**Task objective**: Please repeat nothing except the lines from the one containing "集團黨委書記、終身名譽董事長" through the end of the records, exactly and without pictures.

**Supplied material**:

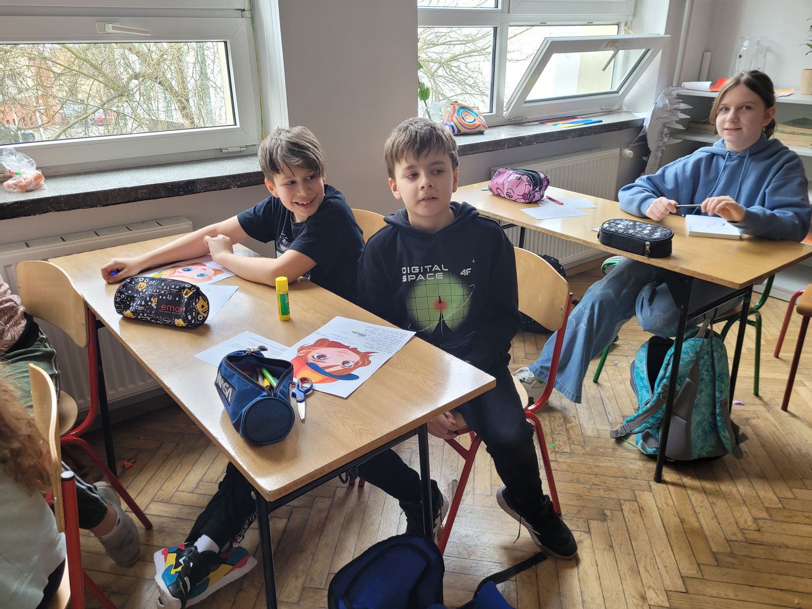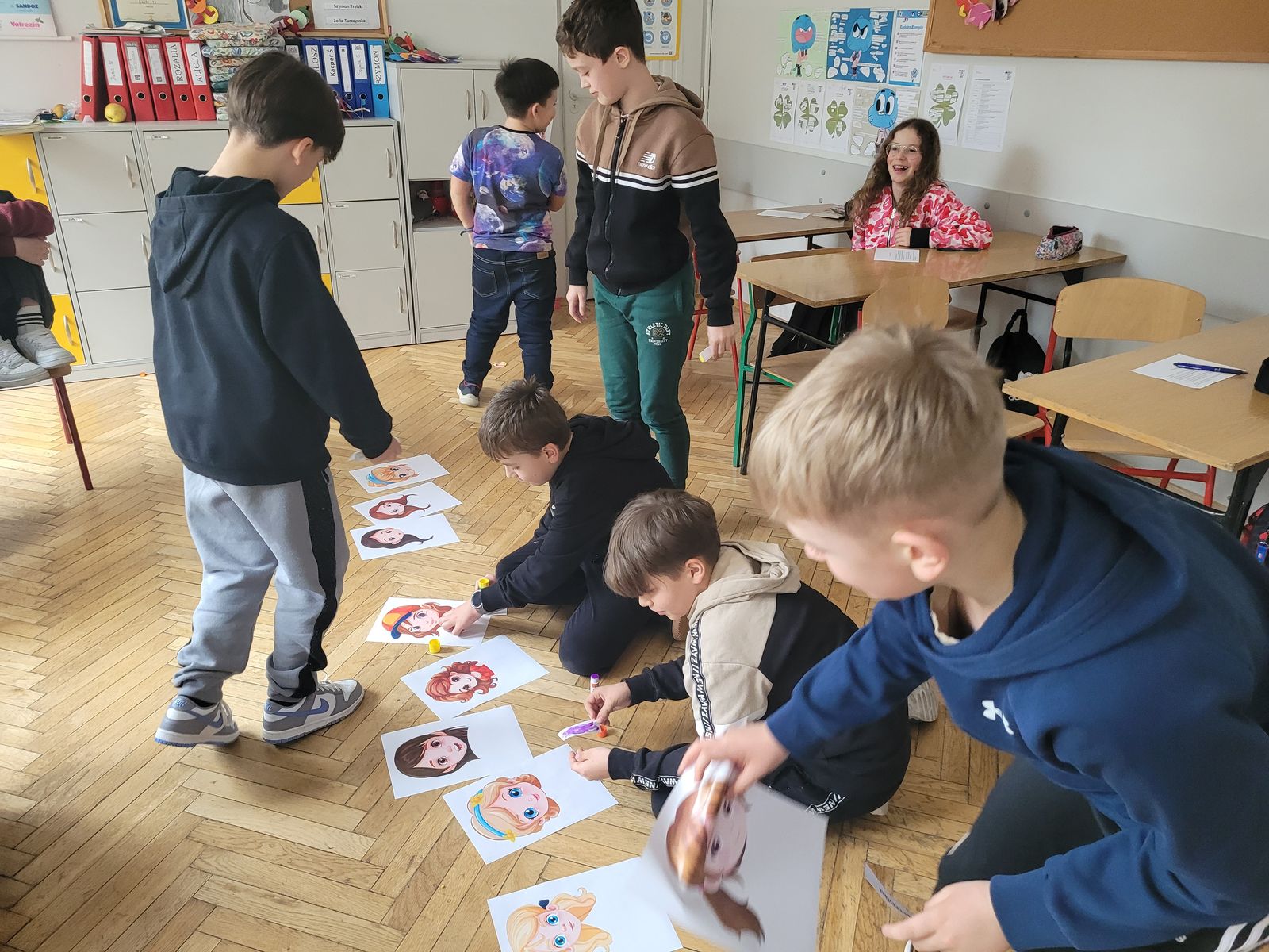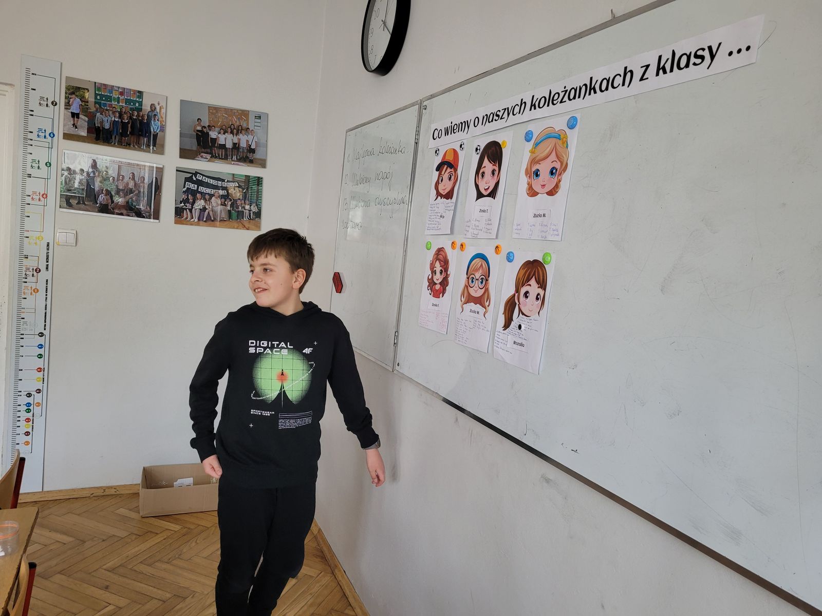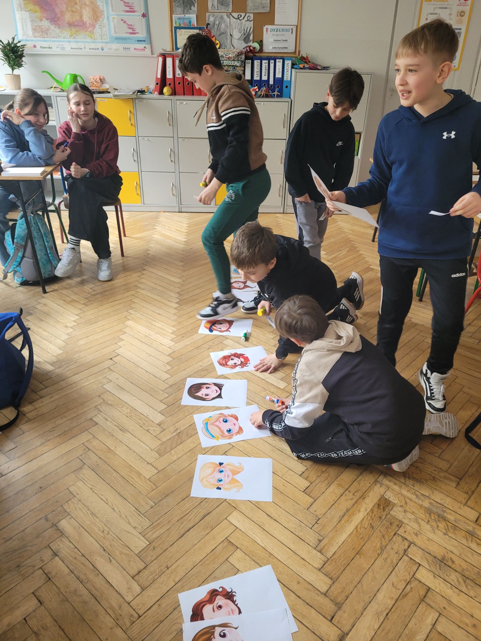 Z okazji Dnia Kobiet chłopcy z klasy 4b przygotowali dla koleżanek praktyczne i słodkie upominki. Chcieli również pokazać jak dobrze znają swoje dziewczyny. Losowali imię, następnie dobierali odpowiedni portret i odpowiadali na szereg pytań. Próbowali odgadnąć, np. upodobania, zainteresowania, potrawy, ulubione zwierzęta a nawet wymarzone miejsca swoich koleżanek. Różnie było z tą znajomością, jedno jest pewne, wszyscy – w tym szczególnym dla dziewczynek dniu- świetnie się bawili.
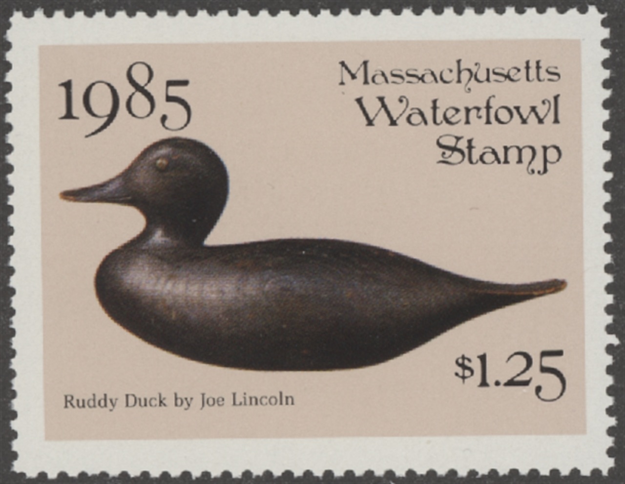 MA12 1985 State Duck Stamp. Mint Never Hinged. Very Fine. Ruddy Duck by Randy Julius.
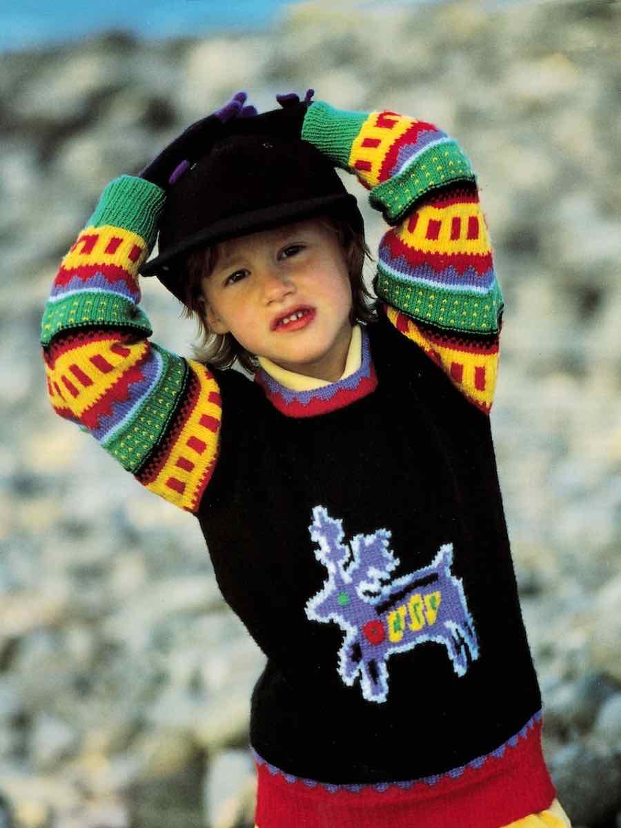 Charmerende børnetrøje med rensdyrmotiv fra Piggelengarn. Strik i dele: for- og bagstykke samt ærmer. Følg diagrammet nøje og strik forskellige farver separat. Luk af ved hals og skuldre, sy sammen og afslut med en elastisk kant og halsudskæring.
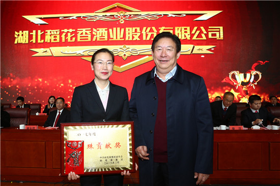 集團黨委書記、終身名譽董事長蔡宏柱為“特殊貢獻獎”獲獎單位稻花香酒業頒獎,並對集團2018年重點工作進行安排部署。他表示,2018年是稻花香開啟新起點、新征程、新跨越的開局之年,要搶抓實體經濟發展的機遇、白酒行業回暖的機遇、龍泉鎮騰飛的機遇,深入推進“五大轉型”,著力建設“實力稻花香、活力稻花香、魅力稻花香”的發展思路;貫徹落實“燎原戰術”,重點培育四大係列產品,引導主流消費群體;著力打造“一主三輔”,堅定不移做大做強白酒主業,做精做優物流、配套等優勢產業,加速推進旅遊產業。他要求全體稻花香人堅定信心、明勢善謀,創新求變、精準施策,搶抓發展先機,勇當新時代“弄潮兒”,團結拚搏實現更大作為,推動稻花香實現從“500億”到“1000億”的再一次跨越。
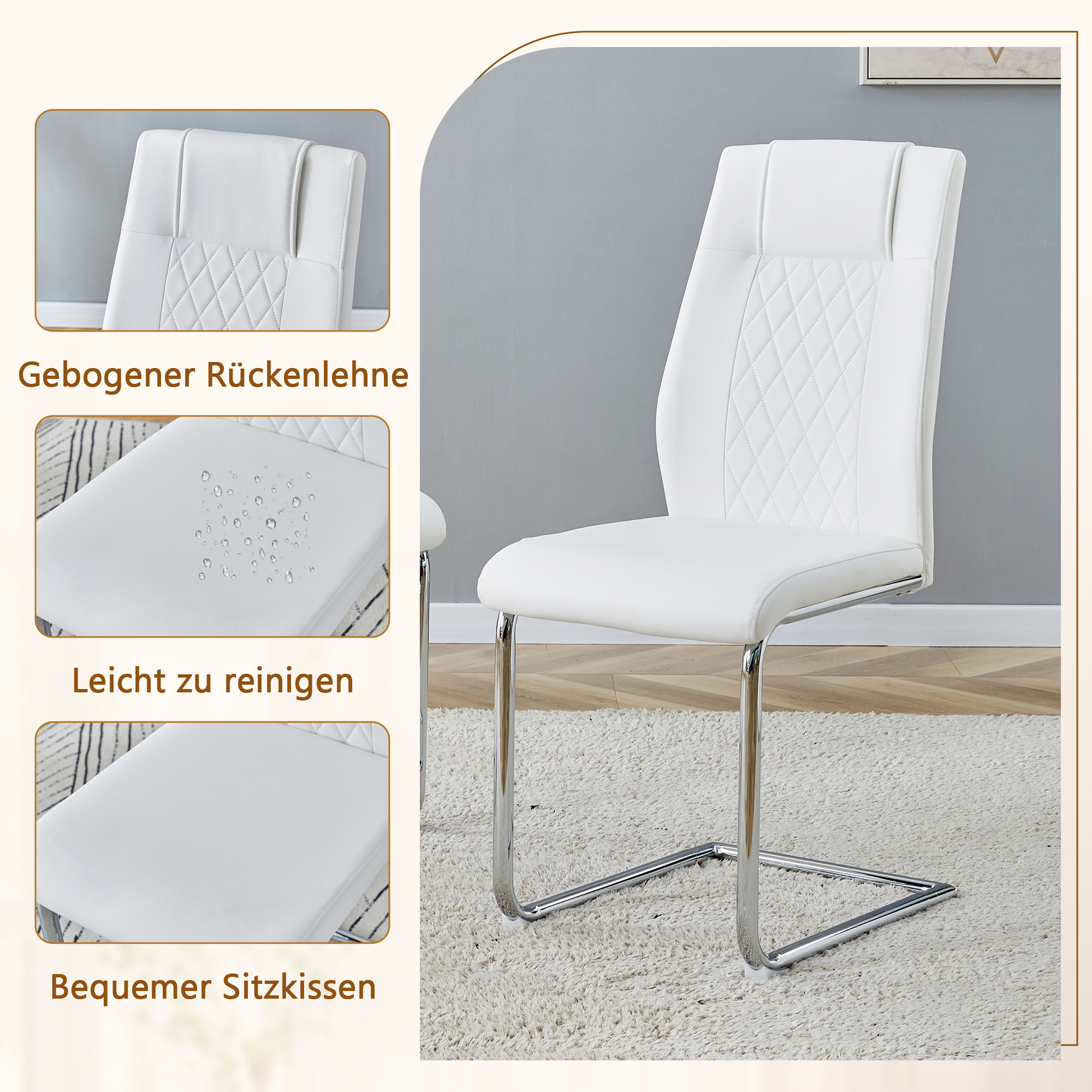 White PU leather combined with silver-colored, arched metal legs. This design is ideal for dining areas in Scandinavian, modern, or industrial styles and also lends a subtly luxurious feel to small apartments.
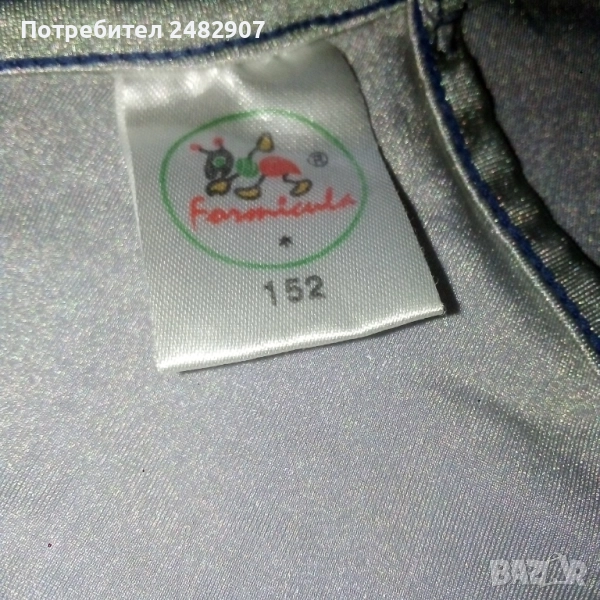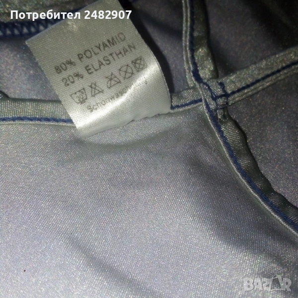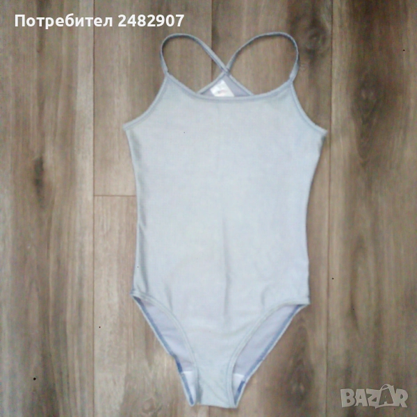 Цял детски бански за момиче в светло синьо и бяло за ръст - 152 см. Съдържа 80 % полиамид и 20 % еластан. Ширина под мишниците - 33 см, ширина в ханша - 30 см, дължина от горната част на презрамките до долу - 62 см. Много запазен, почти не е използван.
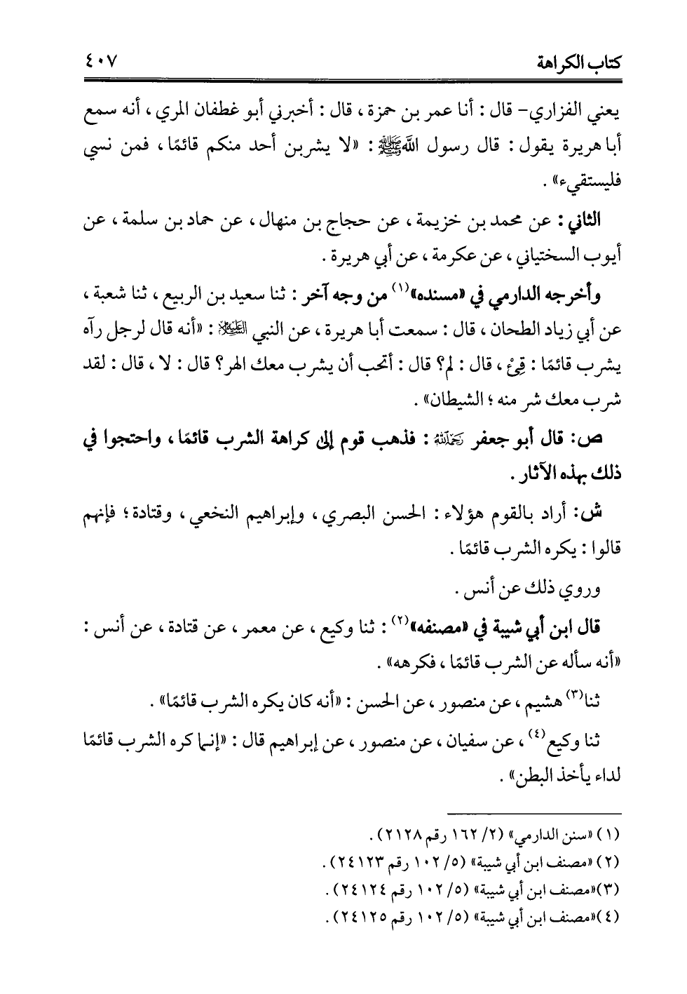 ثنا وكيع (¬4)، عن سفيان، عن منصور، عن إبراهيم قال: "إنما كره الشرب قائمًا لداء يأخذ البطن".

**Expected answer**:
 集團黨委書記、終身名譽董事長蔡宏柱為“特殊貢獻獎”獲獎單位稻花香酒業頒獎,並對集團2018年重點工作進行安排部署。他表示,2018年是稻花香開啟新起點、新征程、新跨越的開局之年,要搶抓實體經濟發展的機遇、白酒行業回暖的機遇、龍泉鎮騰飛的機遇,深入推進“五大轉型”,著力建設“實力稻花香、活力稻花香、魅力稻花香”的發展思路;貫徹落實“燎原戰術”,重點培育四大係列產品,引導主流消費群體;著力打造“一主三輔”,堅定不移做大做強白酒主業,做精做優物流、配套等優勢產業,加速推進旅遊產業。他要求全體稻花香人堅定信心、明勢善謀,創新求變、精準施策,搶抓發展先機,勇當新時代“弄潮兒”,團結拚搏實現更大作為,推動稻花香實現從“500億”到“1000億”的再一次跨越。
 White PU leather combined with silver-colored, arched metal legs. This design is ideal for dining areas in Scandinavian, modern, or industrial styles and also lends a subtly luxurious feel to small apartments.
 Цял детски бански за момиче в светло синьо и бяло за ръст - 152 см. Съдържа 80 % полиамид и 20 % еластан. Ширина под мишниците - 33 см, ширина в ханша - 30 см, дължина от горната част на презрамките до долу - 62 см. Много запазен, почти не е използван.
 ثنا وكيع (¬4)، عن سفيان، عن منصور، عن إبراهيم قال: "إنما كره الشرب قائمًا لداء يأخذ البطن".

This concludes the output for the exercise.